NAACP and ACLU fight War on Drugs

Civil Rights Groups Call For A Suspension On The DEA’s War On Drugs

The ACLU and NAACP have written a bold letter calling for an end to the DEA’s “devastating failure” known as the War on Drugs.

The nation’s top civil rights groups have requested the Drug Enforcement Agency (DEA) suspend enforcement activities until congressional leaders can conduct an oversight hearing on current practices.

Opportunities to Improve Public Safety and Build Trust Between Police and Communities is the title of the letter sent to several high-ranking members on the Appropriations Committee and the Commerce, Justice, Science Committee. It was written in response to the president’s budget request for fiscal year 2020.

The suggestions signed by representatives of four of the nation’s leading civil rights and criminal reform groups, the ACLU, NAACP, the Drug Policy Alliance, and the Sentencing Project, largely oppose budgetary spending on what they consider “heavy-handed, ineffective, unscientific, and deeply damaging” approaches by the DEA.

“In short, the DEA is the lead entity executing the war on drugs. If we are to ever to treat drugs as a health issue, not a criminal issue, then the DEA’s enforcement activities must be suspended until an oversight hearing is done by the House Judiciary Committee,” the letter stated.

President Donald Trump’s request for the 2020 budget proposes a $12 million increase in spending for the DEA. The groups do not support the request and offered words of caution to funding the “enforcement-only approaches to addressing drug abuse and overdose epidemic.”

“As the lead law enforcement agency for drug enforcement at the national level, the DEA is emblematic of how the drug war has been a devastating failure,” the groups wrote.

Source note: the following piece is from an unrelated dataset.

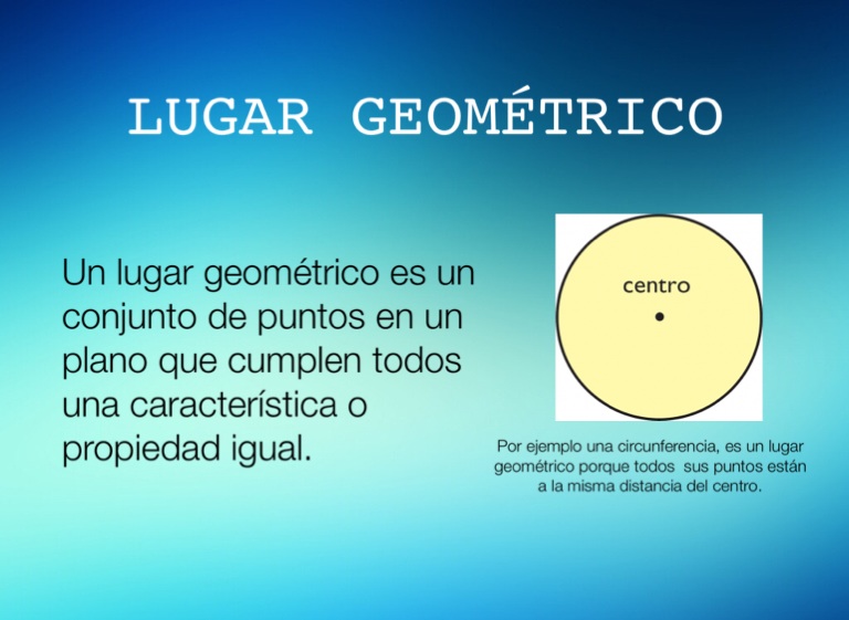 Un lugar geométrico es un conjunto de puntos en un plano que cumplen todos una caracterÃstica o propiedad igual.

Civil Rights and Criminal Reform Groups Call out DEA

The authors of the letter call to attention the DEA’s unwillingness to change policies that are not working while pointing out the harm done by the DEA’s war on marijuana, especially on communities of color.

“It has used its power to oppose all drug policy changes that represent a shift from the drug war model in any way, such as rescheduling, and legalizing marijuana, and reducing harsh drug sentences,” the letter stated.

The DEA enforcement suspension request was one section of many suggestions written to Congress on behalf of the civil rights and criminal reform groups. Other recommendations include an increase of funding for opioid abuse programs and increased funding for Second Chance Act programs to reduce rates of repeat incarceration by providing access to services to help them with re-entry into life outside of prison.

The recommendation letter can be viewed in full via Marijuana Moment, here.

Marijuana Arrests

Data Shows War on Drugs is a War on People of Color

According to the ACLU’s original analysis, marijuana arrests now account for over half of all drug arrests in the U.S. Of the 8.2 million marijuana arrests between 2001 and 2010, 88 percent were for possession of marijuana.

Even though evidence suggests white and black people use cannabis at a similar rate, black people are nearly four times more likely to be arrested for possession of marijuana, some studies show even higher percentages.

Reports from the NAACP show that while African Americans and Hispanics make up approximately 32 percent of the U.S. population, they represent 56 percent of all incarcerated people in 2015. The same report shows that if people of color were incarcerated at the same rates as whites, prison and jail populations would decline by almost 40 percent.